Source data
.....
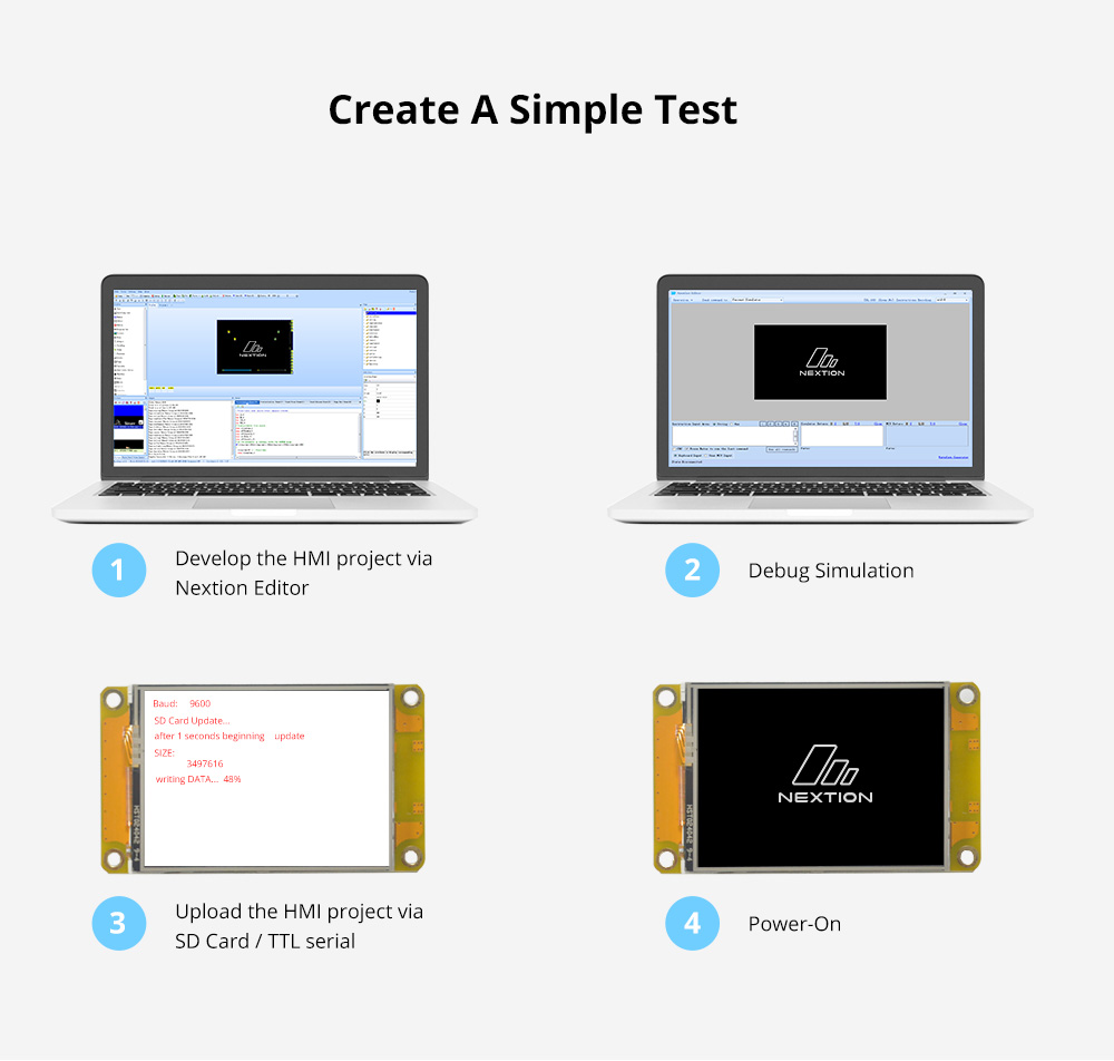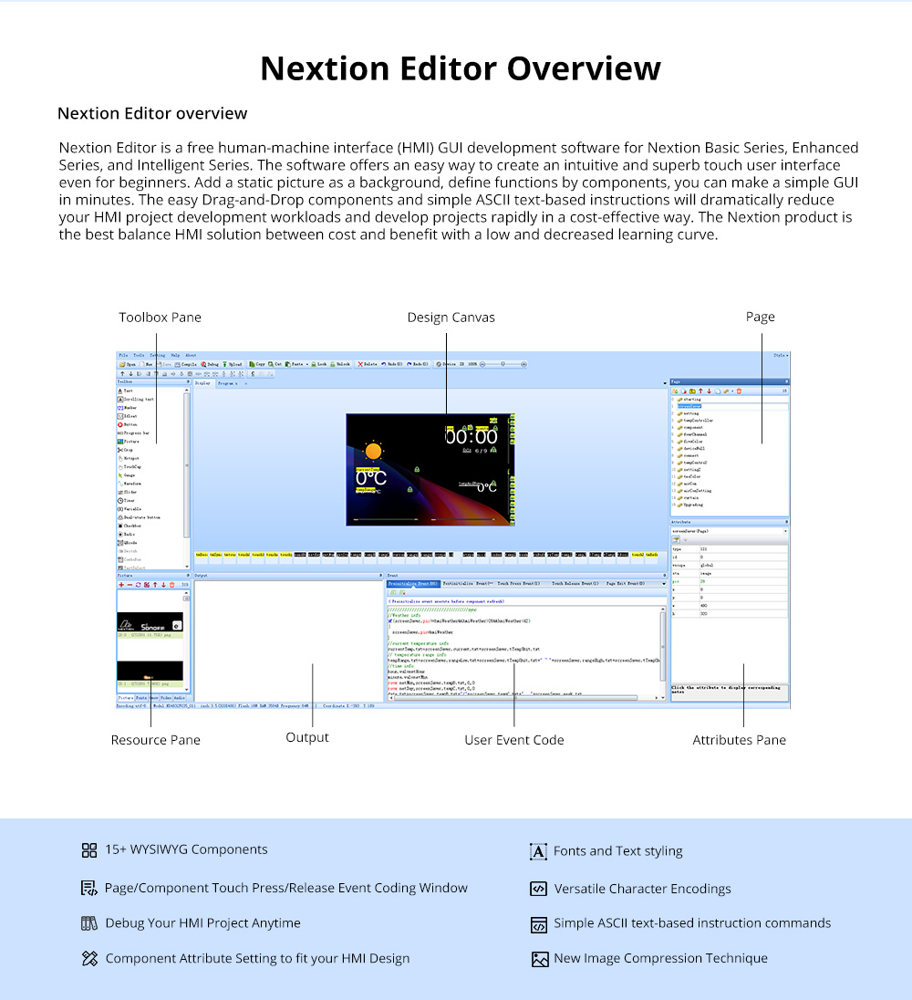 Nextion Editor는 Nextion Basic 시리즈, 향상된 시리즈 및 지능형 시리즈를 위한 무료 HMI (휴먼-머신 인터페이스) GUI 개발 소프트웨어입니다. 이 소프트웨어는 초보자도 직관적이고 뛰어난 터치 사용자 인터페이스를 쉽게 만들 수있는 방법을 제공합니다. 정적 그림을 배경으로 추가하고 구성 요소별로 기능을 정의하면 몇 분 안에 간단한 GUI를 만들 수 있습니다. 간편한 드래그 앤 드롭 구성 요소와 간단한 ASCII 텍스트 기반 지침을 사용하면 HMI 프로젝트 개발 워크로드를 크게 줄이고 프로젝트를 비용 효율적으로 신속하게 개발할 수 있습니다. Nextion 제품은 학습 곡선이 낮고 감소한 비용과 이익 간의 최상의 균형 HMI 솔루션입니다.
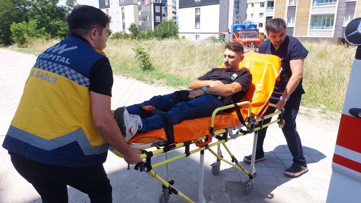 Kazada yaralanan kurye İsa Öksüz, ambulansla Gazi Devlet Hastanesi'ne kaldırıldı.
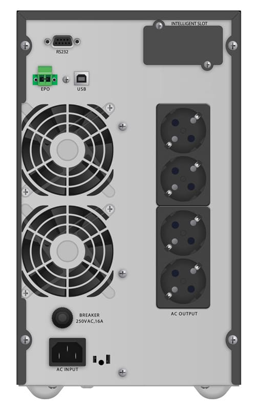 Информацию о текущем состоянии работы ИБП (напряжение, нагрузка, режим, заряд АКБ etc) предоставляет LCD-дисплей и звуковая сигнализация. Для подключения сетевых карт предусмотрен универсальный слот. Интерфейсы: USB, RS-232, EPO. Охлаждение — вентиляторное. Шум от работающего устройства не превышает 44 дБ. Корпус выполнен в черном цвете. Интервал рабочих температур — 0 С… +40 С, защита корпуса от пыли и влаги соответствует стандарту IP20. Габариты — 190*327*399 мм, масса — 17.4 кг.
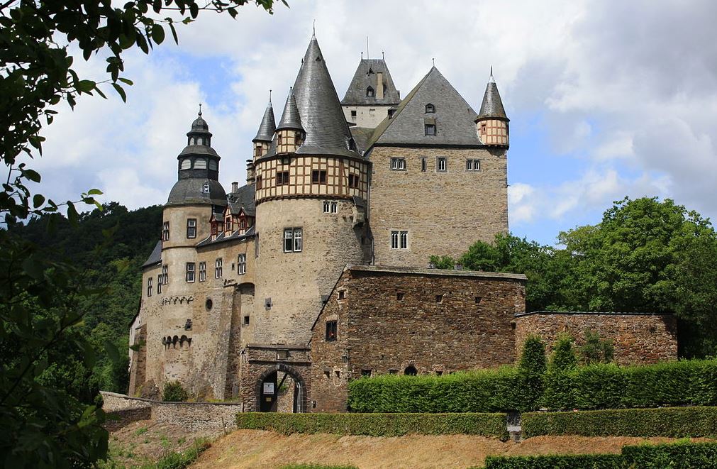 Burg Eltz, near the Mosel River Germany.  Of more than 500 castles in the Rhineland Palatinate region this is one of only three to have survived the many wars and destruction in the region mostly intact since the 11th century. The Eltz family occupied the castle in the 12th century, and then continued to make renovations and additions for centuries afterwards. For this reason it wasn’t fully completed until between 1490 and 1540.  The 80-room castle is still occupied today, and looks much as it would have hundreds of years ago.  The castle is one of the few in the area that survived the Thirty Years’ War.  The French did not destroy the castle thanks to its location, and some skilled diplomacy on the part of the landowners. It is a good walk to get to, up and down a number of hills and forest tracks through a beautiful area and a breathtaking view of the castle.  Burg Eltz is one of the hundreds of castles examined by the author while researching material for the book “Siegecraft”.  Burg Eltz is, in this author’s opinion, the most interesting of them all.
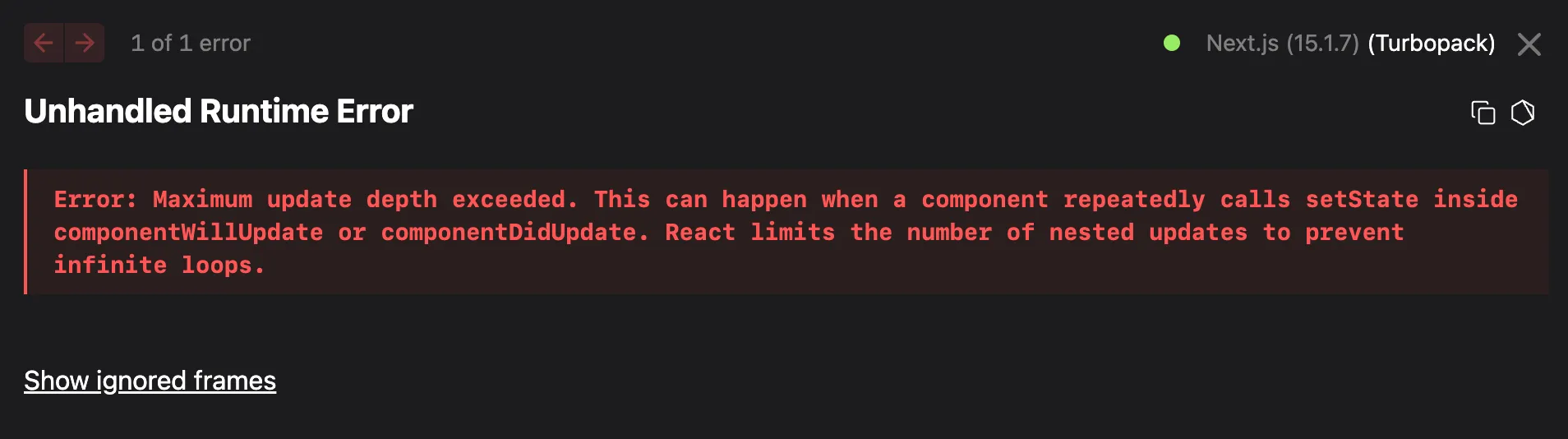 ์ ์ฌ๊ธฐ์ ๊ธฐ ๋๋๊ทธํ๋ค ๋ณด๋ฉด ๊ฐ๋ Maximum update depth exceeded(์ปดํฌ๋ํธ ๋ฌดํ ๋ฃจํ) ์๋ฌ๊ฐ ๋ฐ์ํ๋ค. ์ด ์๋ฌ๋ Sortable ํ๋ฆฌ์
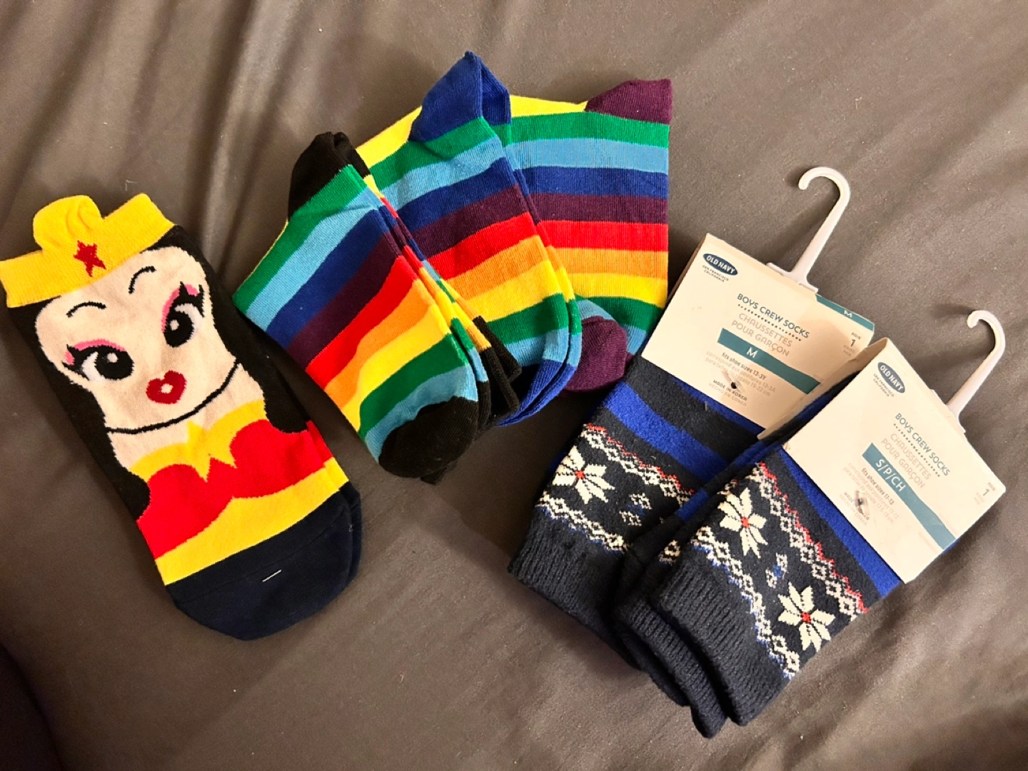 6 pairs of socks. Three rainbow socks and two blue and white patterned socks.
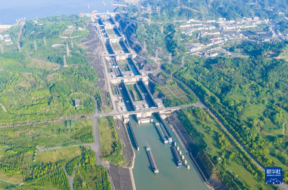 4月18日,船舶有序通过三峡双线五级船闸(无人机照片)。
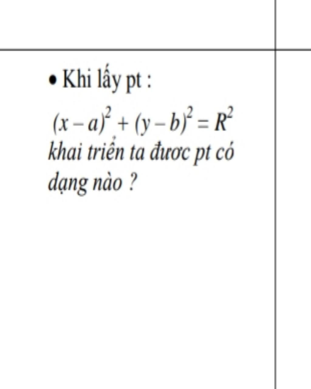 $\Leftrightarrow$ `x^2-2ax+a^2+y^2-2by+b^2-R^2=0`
.....
WHAT YOU HAVE TO DO
Copy the records above exactly, from the first line through the line containing "Kazada yaralanan kurye", and leave out the pictures.

SOLUTION TO THIS EXERCISE
 Nextion Editor는 Nextion Basic 시리즈, 향상된 시리즈 및 지능형 시리즈를 위한 무료 HMI (휴먼-머신 인터페이스) GUI 개발 소프트웨어입니다. 이 소프트웨어는 초보자도 직관적이고 뛰어난 터치 사용자 인터페이스를 쉽게 만들 수있는 방법을 제공합니다. 정적 그림을 배경으로 추가하고 구성 요소별로 기능을 정의하면 몇 분 안에 간단한 GUI를 만들 수 있습니다. 간편한 드래그 앤 드롭 구성 요소와 간단한 ASCII 텍스트 기반 지침을 사용하면 HMI 프로젝트 개발 워크로드를 크게 줄이고 프로젝트를 비용 효율적으로 신속하게 개발할 수 있습니다. Nextion 제품은 학습 곡선이 낮고 감소한 비용과 이익 간의 최상의 균형 HMI 솔루션입니다.
 Kazada yaralanan kurye İsa Öksüz, ambulansla Gazi Devlet Hastanesi'ne kaldırıldı.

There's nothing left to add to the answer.